Background technology
Along with the raising of living standards of the people, the raising of pork demand and meat quality has been caused producers and consumers's extensive concern.Pig is the important goods source of China people meat product consumption, and it also is the human heteroplastic important animal model of research and may becomes suitable transplant organ source of supply.Pig industry has critical role in China's livestock industry and national economy, the carcass quality evaluation has become the problem that heredity, breeding scholar, the producer and human consumer generally are concerned about.Be used for the pig marker assisted selection so separating clone influences the new gene of pig growth and carcass quality proterties and seeks important molecule marker, to quickening the seed selection of pig new variety, the development of accelerating China's pig industry has extremely important value.

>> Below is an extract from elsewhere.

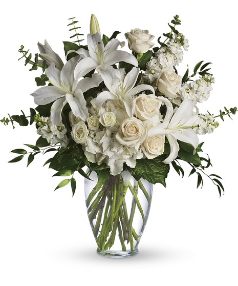 A dreamy bouquet of white sympathy flowers reminds you of your love. The lush arrangement of soft colors is delivered in a majestic, tall glass vase.

Synthetic and the excretory throtropin releasing hormone (Thyrotropin-releasinghormone of hypothalamus, TRH) act on hypophysis, trh receptor (Thyrotropin-releasing hormone receptor with the hypophysis surface, TRHR) in conjunction with activating courier's path in the born of the same parents, the secretion of promotion thyrotropic hormone and prolactin and synthetic.Wherein thyrotropic hormone is circulated to Tiroidina through blood and combines with being positioned at its surperficial thyrotropin receptor, starts courier's path in the born of the same parents, promotes Tiroidina to the running and the picked-up of iodine and Triiodothyronine is synthetic and secretion.And the Triiodothyronine effect spreads all over whole body, and major function promotes three major nutrient and energy metabolism for promoting tissue differentiation, growth and maturation, stress and keep individual normal growth growth etc.In addition, Triiodothyronine has calorigenic action in body, influences the metabolism of protein, fat, sugar, VITAMIN and water salt, and to digestion, absorption, cardiovascular, sexual gland, bone and neural system all play an important role (Chen Shouliang, 1996).Experiment shows, adds thyroxine and can improve individual food consumption and not influence meat ratio (feed institute of Chongqing City's feed company, 1996) in pig feed, effectively improves the speed of growth of pig.Therefore, the thyrotropic hormone of regulation and control thyroid hormone secretion level and throtropin releasing hormone and acceptor gene thereof are the critical function candidate genes that influences pig growth and carcass trait.Yet it is very few about the research of the relevant regulatory gene of pig thyroid gland hormone secretion both at home and abroad at present.Recently, the variation that exists in the human trh receptor TRHR gene that studies show that of Liu etc. is the major cause that causes human individual's lean mass difference.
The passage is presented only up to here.